Linear electron flow involves both photosystems and produces ATP and NADPH using light energy.

1. A photon hits a pigment in a light-harvesting complex of PS II, and its energy is passed among pigment molecules until it excites **P680**.
2. An electron in P680 is excited to a higher energy level and transferred to the primary electron acceptor. P680 becomes **P680$^+$**.
3. $\text{H}_2\text{O}$ is split to replace the electron. This reaction releases $\text{O}_2$ and protons.
* $2\text{H}_2\text{O} \rightarrow 4\text{H}^+ + \text{O}_2$
4. Each electron falls down an electron transport chain from the primary electron acceptor of PS II to PS I.
5. Energy released by the fall drives the creation of a proton gradient across the thylakoid membrane.
6. Potential energy stored in the proton gradient drives production of ATP by **chemiosmosis**.
7. In PS I, light energy excites **P700**, which loses an electron to the primary electron acceptor. P700 becomes **P700$^+$**.
8. Electrons are passed in a series of redox reactions from the primary electron acceptor of PS I down a second electron transport chain to **ferredoxin (Fd)**.
9. The enzyme **NADP$^+$ reductase** catalyzes the transfer of electrons from Fd to NADP$^+$. Two electrons are required for reduction to NADPH.

**Products**: NADPH and ATP

### Cyclic Electron Flow

* Uses only PS I
* Produces ATP, but no NADPH or $\text{O}_2$
* Generates surplus ATP, satisfying the higher demand in the Calvin cycle

### Chemiosmosis: The Energy-Coupling Mechanism

* Chloroplasts and mitochondria generate ATP by chemiosmosis.
* **Chemiosmosis**: The use of energy in a $\text{H}^+$ gradient to drive cellular work.
* **ATP synthase**: The enzyme that makes ATP.

The image shows a diagram of chemiosmosis in both mitochondria and chloroplasts.

* **Mitochondria**: Transfer chemical energy from food to ATP.
* **Chloroplasts**: Transform light energy into chemical energy (ATP).

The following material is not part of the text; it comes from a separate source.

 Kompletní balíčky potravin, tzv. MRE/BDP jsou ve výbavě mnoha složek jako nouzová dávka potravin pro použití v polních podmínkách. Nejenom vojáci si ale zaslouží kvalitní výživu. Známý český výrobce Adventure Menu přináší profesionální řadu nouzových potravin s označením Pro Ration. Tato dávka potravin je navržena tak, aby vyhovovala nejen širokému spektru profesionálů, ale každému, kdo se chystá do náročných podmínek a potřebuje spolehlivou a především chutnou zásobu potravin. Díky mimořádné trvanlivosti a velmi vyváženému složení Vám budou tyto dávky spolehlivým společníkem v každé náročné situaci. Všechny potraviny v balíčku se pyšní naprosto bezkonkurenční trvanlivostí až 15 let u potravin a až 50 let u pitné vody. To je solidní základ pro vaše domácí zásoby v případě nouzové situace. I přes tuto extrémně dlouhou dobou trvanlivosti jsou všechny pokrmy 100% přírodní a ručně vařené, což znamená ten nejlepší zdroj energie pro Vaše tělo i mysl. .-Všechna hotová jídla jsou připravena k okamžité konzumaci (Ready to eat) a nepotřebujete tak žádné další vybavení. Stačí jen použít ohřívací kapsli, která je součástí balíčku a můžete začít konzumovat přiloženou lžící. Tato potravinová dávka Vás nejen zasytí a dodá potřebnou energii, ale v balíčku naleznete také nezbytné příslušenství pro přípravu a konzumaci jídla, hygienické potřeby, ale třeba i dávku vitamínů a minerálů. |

### Organization of the Thylakoid Membrane

The image illustrates the spatial organization of chemiosmosis within the thylakoid membrane.

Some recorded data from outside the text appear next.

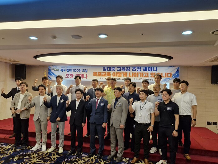 | ▲ 김대중 전남도교육감 초청 세미나 기념 목포청년100인 포럼 회원과 함께(사진=황승순 기자) |
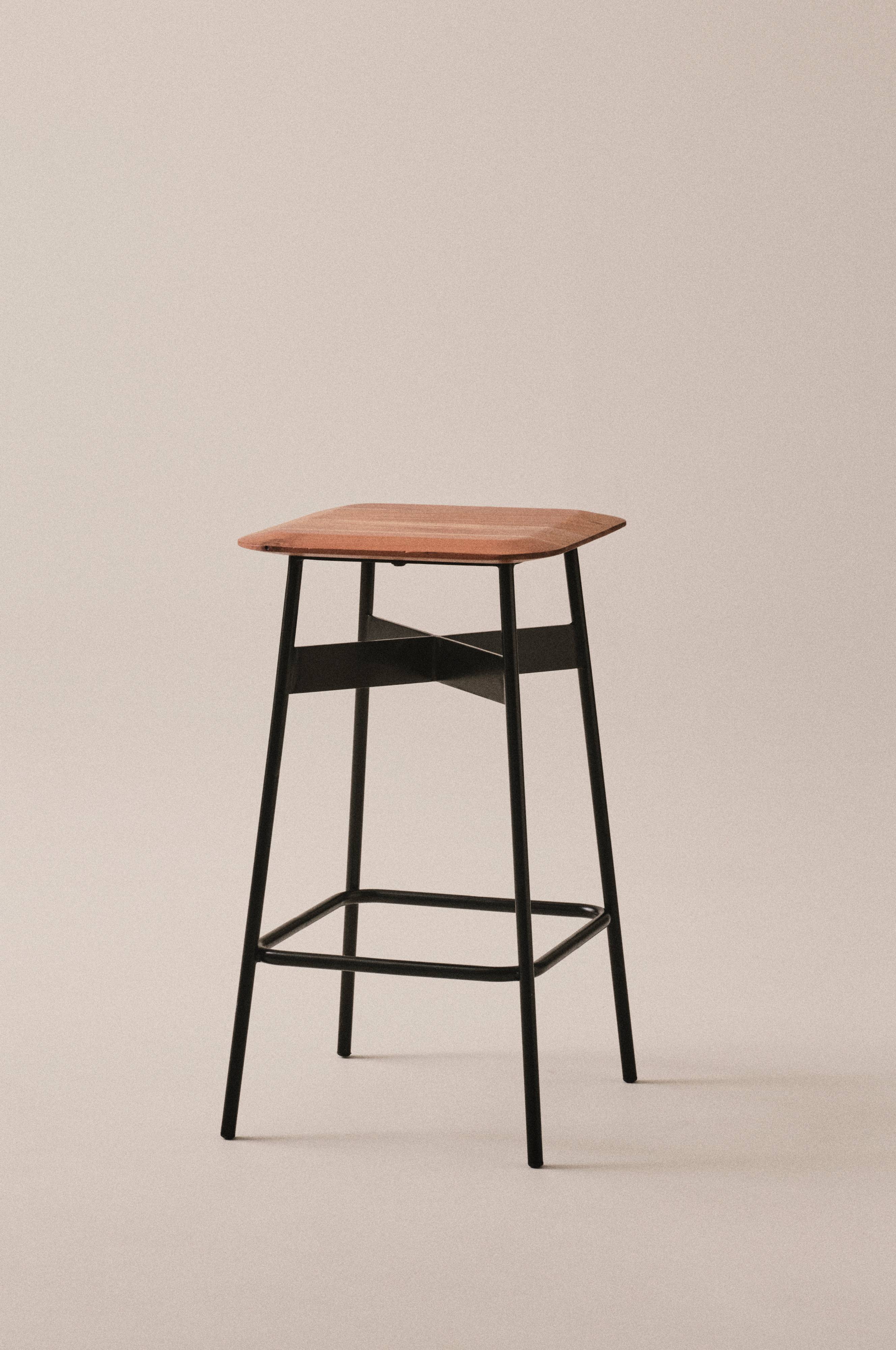 Baarijakkara, jossa tyylikäs muotoilu. Runko jauhemaalattua metallia, istuin akasiaa ja tuki jalkoja varten.
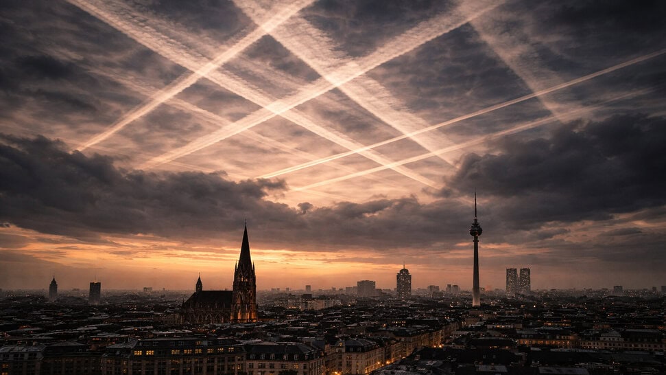 Das sogenannte Schachbrettmuster am Himmel entsteht, wenn sich langlebige Kondensstreifen entlang fester Flugrouten überkreuzen. Begünstigt wird dies durch feuchte, ruhige Luftschichten in großer Höhe – ein Zusammenspiel aus Wetterlage und Luftverkehr, kein gezielter Eingriff.
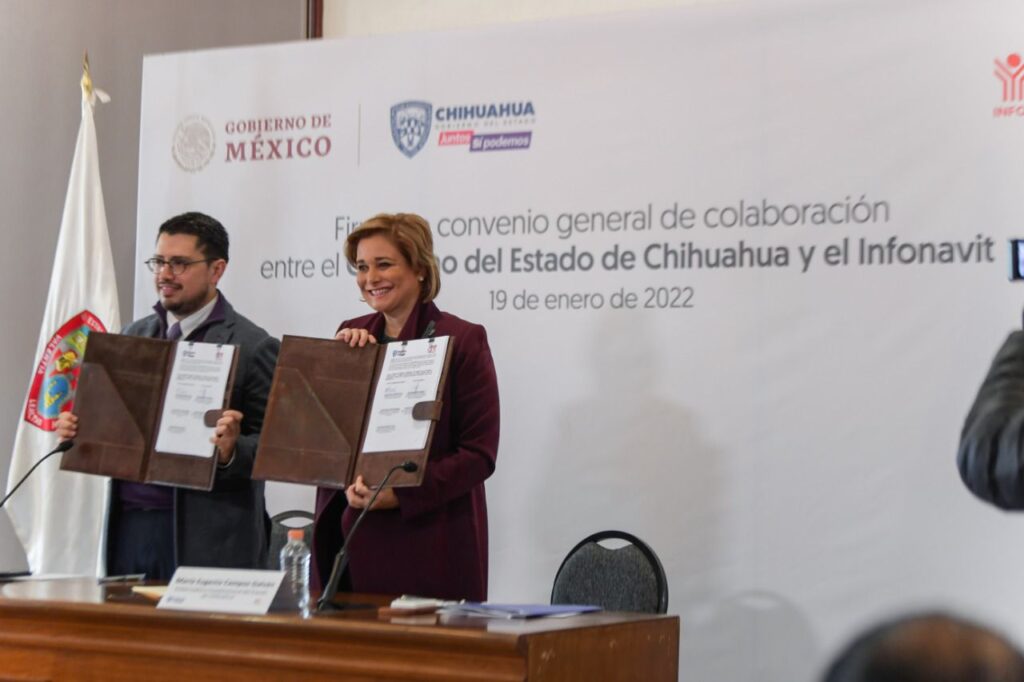 Con el acuerdo signado por el Director General del Infonavit, Carlos Martínez Velázquez y la gobernadora de Chihuahua, María Eugenia Campos Galván, se simplificarán trámites de los programas de mejoramiento de vivienda y autoconstrucción y se coordinarán acciones para el rescate de viviendas abandonadas en la entidad, con el objetivo de que más familias chihuahuenses pueden adquirir, mejorar y regularizar su patrimonio.

* PS II and PS I harvest light energy to energize electrons.
* Electron transport chains shuttle electrons and pump protons across the membrane.
* ATP synthase uses the proton gradient to make ATP.

## 10.4 The Calvin Cycle: Using ATP and NADPH to Make Sugar

### The Calvin Cycle

The Calvin cycle has three phases:

1. **Carbon fixation**: $\text{CO}_2$ is incorporated into RuBP by **rubisco**
2. **Reduction**: ATP and NADPH are used to reduce 3-PGA to G3P
3. **Regeneration**: RuBP is regenerated from G3P

* **G3P**: glyceraldehyde-3-phosphate

### Carbon Fixation (Phase 1)

* Each $\text{CO}_2$ molecule is attached to **RuBP** (ribulose 1,5-bisphosphate)
* Catalyzed by **rubisco**
* Most abundant protein in chloroplasts and maybe on Earth
* The product is 3-phosphoglycerate

### Reduction (Phase 2)

* ATP phosphorylates each 3-phosphoglycerate to 1,3-bisphosphoglycerate
* NADPH reduces 1,3-bisphosphoglycerate to G3P

### Regeneration (Phase 3)

* Carbon skeletons of five G3P molecules are rearranged into three RuBP molecules
* 3 more ATP are used
* RuBP is ready to receive $\text{CO}_2$ again

### Output

* For net synthesis of 1 G3P molecule, the cycle must take place three times
* Three $\text{CO}_2$ molecules are fixed
* The Calvin cycle spends 9 ATP and 6 NADPH

## 10.5 Alternative Mechanisms of Carbon Fixation

### Photorespiration

* On hot, dry days, plants close **stomata**, which conserves $\text{H}_2\text{O}$ but also prevents $\text{CO}_2$ from entering the leaf.
* $\text{O}_2$ builds up
* **Photorespiration**: Rubisco adds $\text{O}_2$ instead of $\text{CO}_2$ to RuBP
* Consumes $\text{O}_2$ and organic fuel and releases $\text{CO}_2$ without producing ATP or sugar

### C4 Plants

* **C4 plants**: Minimize the cost of photorespiration by incorporating $\text{CO}_2$ into four-carbon compounds in mesophyll cells
* These four-carbon compounds are exported to bundle-sheath cells, where they release $\text{CO}_2$ that is then used in the Calvin cycle

The image displays a diagram that shows the two different locations of carbon fixation in C4 plants.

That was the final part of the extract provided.